Broadly speaking we've had that for over a decade and we've also allowed energy policy to be captured by rent-seekers and the EU. Hence the latest annoucement for 80% CO2 reductions, 27% renewables and 27% efficiency. Or another £3-400bn on our energy costs. But to steal from Prof Helm and a comment on BH-
The three pillars of energy policy; Security, Economy and Emission Reduction are mutually incompatible.
Which may bring some good news..
Prof Helm pointed out we get less security from our current 'renewables' due to the intermittency problem, and if we wanted energy security it'd be easier and cheaper to stockpile oil, coal and gas. Gas prices have halved, although retail customers won't see this any time soon I suspect. Coal and oil prices have fallen, which leaves wind & solar as expensive follies.

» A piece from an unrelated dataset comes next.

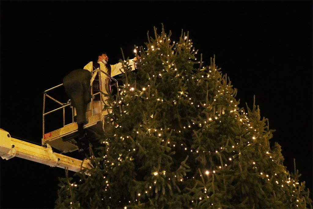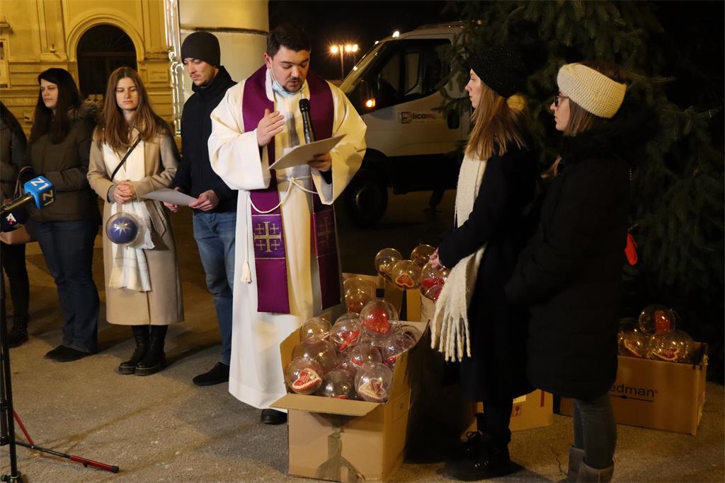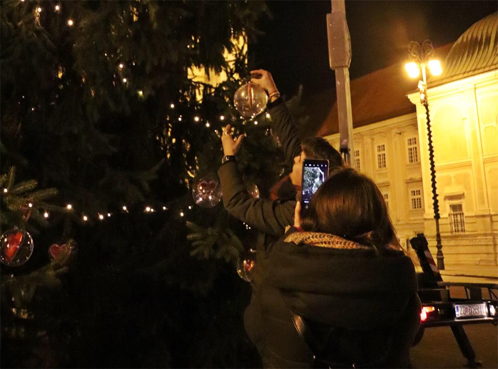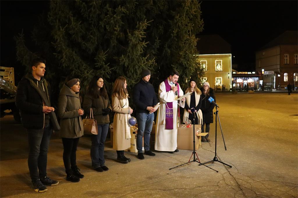 Nakon molitve i blagoslova kuglica okupljeni mladi i prisutni građani okitili su bor zajedno s vlč. Tušekom, koji je na bor stavio prvu kuglicu - onu koja nosi znakove grba zagrebačkoga nadbiskupa kardinala Josipa Bozanića.

Power stations are right-wing, apparently.
That policy was widely criticised as many pointed out that closing down TV at 10.30 probably increased consumption as people who'd all been watching TV in the same room would probably scatter to different parts of the house and switch on lights, heaters etc.
I remember our school cancelled all sorts of after school activities due to the power crisis, but the headmaster made a decision that the film club should still go ahead, as lots of people would be sitting in the dark in one room at school watching a film rather than in their own homes with lights, TV, etc, all on. Made a lot of sense. He's still alive by the way, in his 90s now.
How was it when the industry was nationalised before?
The problem there was that the fear and bullshit from the green lobby didn't allow it to happen. I agree, though, nuclear power stations should have been built long before now.